Unfortunately the article didn't give much background about interval training, and the people who are already to lazy to fit any kind of exercise into their day because of "time" are not going to go do 20 minutes of interval training on the bike, trail or track.
Lincoln- 5K runs are not endurance runs at all, they are sprints... Endurance runs are half marathons or full marathons... Lets see you take just your interval training and beat anyone of comparable health in one... in order to get healthy one needs to do both endurance and strength training. Interval training works great as many people have said in addition to no instead of regular aerobic and anaerobic training.
Dr.Tarun Mullick,a interventional Gastroenterologist trained at Johns Hopkins Univ. and the Cleveland Clinic–has initiated PHYSICAL THERAPY and NUTRITION counselling program for OBESE PATIENTS to provide,"COMPLETE CARE"–short term and long term.

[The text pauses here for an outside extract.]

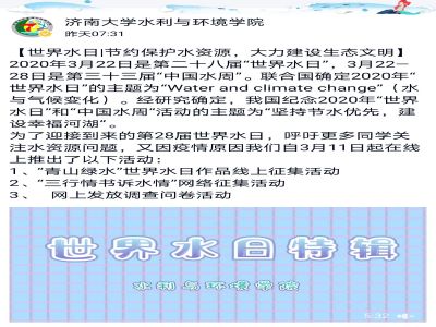 环抱碧水青年志愿者协会结合当前疫情防控形势,拓宽线上宣传渠道,开展以“节约保护水资源,大力建设生态文明”为主题的系列宣传活动,为增强大学生节水观念、节水意识,强化节水措施,落实节水行动营造良好氛围。
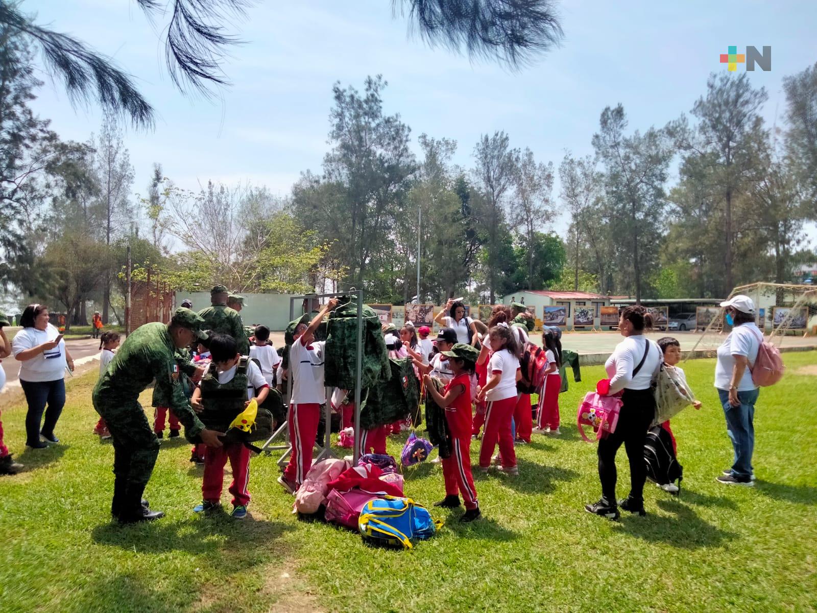 Los docentes de esta primaria federal ubicada en una zona de la periferia de Xalapa destacaron los valores que brinda conocer y compartir actividades con el Ejército Mexicano.

Dr.Tarun Mullick has found that EXERCISE PROGRAM helps Obesity and with good nutrition–a patient can be free from Digestive diseases more or less permanently.
The metabolic pathway for the 5K run is almost entirely oxidative. Only the first few minutes are run in the non-endurance metabolic pathways. If the 5kt was a sprint event, Usain Bolt would be the world record holder. Instead, it's mostly marathon runners who excel at the 5k. It is an endurance event. It's only marathon runners and other ultra-endurance competitors who think of as a sprint.
Steady state cardio is an old-school training method that is really only applicable to endurance athletes. For general fitness it is inefficient and catabolic (i.e. strength sapping) compared to interval training.
The marathon is not a healthy event. The attraction to the marathon is based on the legend that the first guy who ever ran a marathon DIED. To complete a marathon is to cheat death. Health has little to do with it.
Not withstanding the research quoted, the good doctor has done the public a disservice. The advise on interval training for the common folks can be dangerous, especially if this is viewed as a get fit quick scheme. From everything I have learned and used, intervals have the potential to push the participants to risky levels of exertion during the "on" period. Hence it is generally only recommended for athletes for pre competitive training. It should be considered only under expert supervision.
Exercise. Disciplined diet. Repeat. Been doing it for 25 years. Same weight as the day I graduated from high school. No magic pill, no perfect plan. No substitue for the Big E. Walk, run, swim, bike, whatever. Nike was right. Just do it.
Interval training has been found safe to use even for people with Chronic Heart Failure (CHF):
http://www.ncbi.nlm.nih.gov/pubmed/9139168
Key quote:
"Interval exercise training is thus recommended for selected patients with CHF as it allows intense exercise stimuli on peripheral muscles with minimal cardiac strain."
Of course as with any exercise program intensity should be adjusted according to current fitness levels.